Autrice bestseller di New York Times e USA Today

Con l’arrivo del suo trentesimo compleanno, Emma Harrison ha scoperto di desiderare un figlio. Peccato che non ci siano principi azzurri all’orizzonte. E quando il suo migliore amico si tira indietro come possibile donatore, le opzioni scarseggiano. C’è sempre la banca del seme, ovviamente, ma Emma vorrebbe sapere qualcosa di più del padre di suo figlio. Aidan Fitzgerald è noto per essere un donnaiolo. È raro che gli venga rifiutato qualcosa, specialmente in camera da letto. Ma quando Emma si fa beffe delle sue avance alla festa di fine anno dell’ufficio, si scopre più attratto da lei di quanto vorrebbe ammettere. Si presenta così alla sua porta con un’offerta vantaggiosa per entrambi: sarà lui il padre del bambino se Emma acconsentirà a concepirlo naturalmente.
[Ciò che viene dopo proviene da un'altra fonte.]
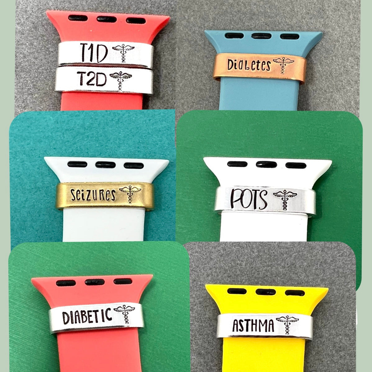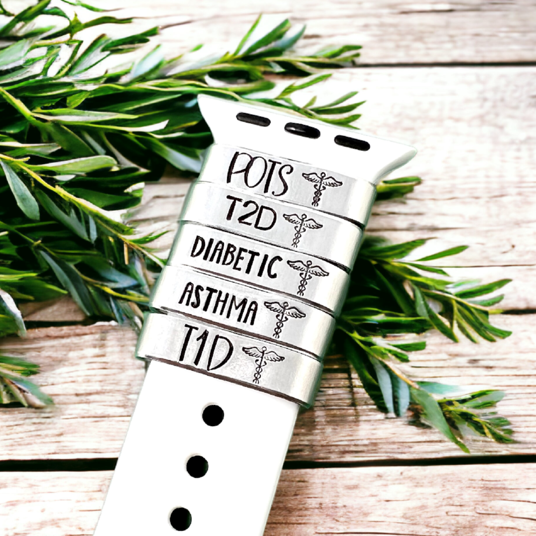 These medical alert watch charms are easy for medical personnel to spot in case of an emergency. They are hand stamped and can be personalized with your medical condition. These are great in lieu of a medical bracelet as these are already attached to something that you normally wear everyday so they will not be forgotten.

L’accordo è bizzarro, ma Aidan, dopotutto, ha un certo fascino ed Emma è tentata di accettare. Riuscirà a mantenere gli incontri  con Aidan su un piano puramente fisico? E frequentare Emma servirà a smussare il carattere di un insopportabile dongiovanni?

Una sola notte d'amore può diventare per sempre?

«Ho divorato questo romanzo. Magnifico! Emozionante ed eccitante insieme. Yeah! Katie Ashley è proprio una maga.»

«Katie Ashley merita cinque stelle. Aspetto con ansia il secondo libro. Questo l’ho riletto due volte di fila!»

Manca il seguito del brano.